Les évangéliques n’ont pas le monopole des rencontres et des festivités. Pour ma part, je les place surtout dans la continuité de l’histoire de l’Église : celle des fêtes populaires, des rogations, des pèlerinages. C’est une façon extérieure de vivre sa foi, qui rompt avec la stratégie de l’enfouissement chère aux progressistes des années 1970. Le catholicisme s’est toujours inscrit dans des lieux : les sanctuaires, les tombes des saints, les basiliques. Les JMJ contribuent à définir de nouveaux lieux du catholicisme, à tisser une nouvelle géopolitique de la foi. Mais cela n’a rien d’évangélique, parce que les sacrements sont omniprésents : la messe, la confession, ajoutées à la prière personnelle et à l’adoration eucharistique.   

Que révèle le choix du Panama par le Pape François pour cette 16e édition ?

Il y a toujours une alternance entre une ville d’Europe et une ville d’un autre continent.
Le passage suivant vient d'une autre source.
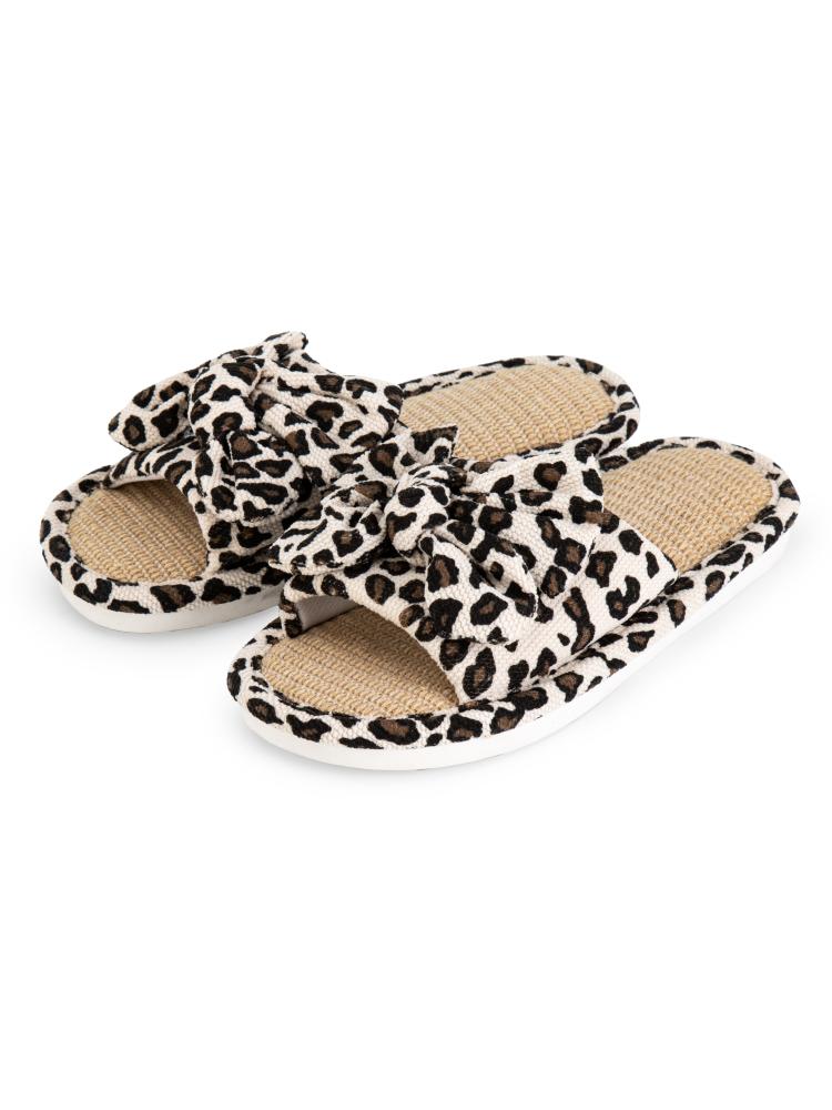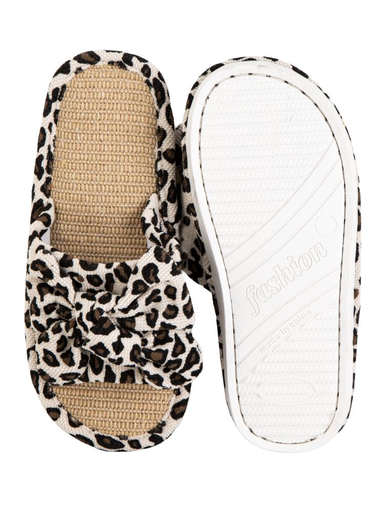 Тапочки домашние 38-39 женские открытые леопардовый бант молочный полиэстер/ПВХ

François est un pape de l’Amérique latine. Il aime son continent, il le comprend. Après Rio, Panama est un choix logique. C’est un petit pays, qui avait été visité par Jean-Paul II en 1983. La venue du Pape François sera donc un grand moment, qui va par ailleurs poser de sérieux défis logistiques, à la fois pour accueillir les milliers de pèlerins et l’ensemble des journalistes accrédités. C’est le plus grand événement international organisé par ce pays. Autant dire que le défi est d’importance pour eux aussi.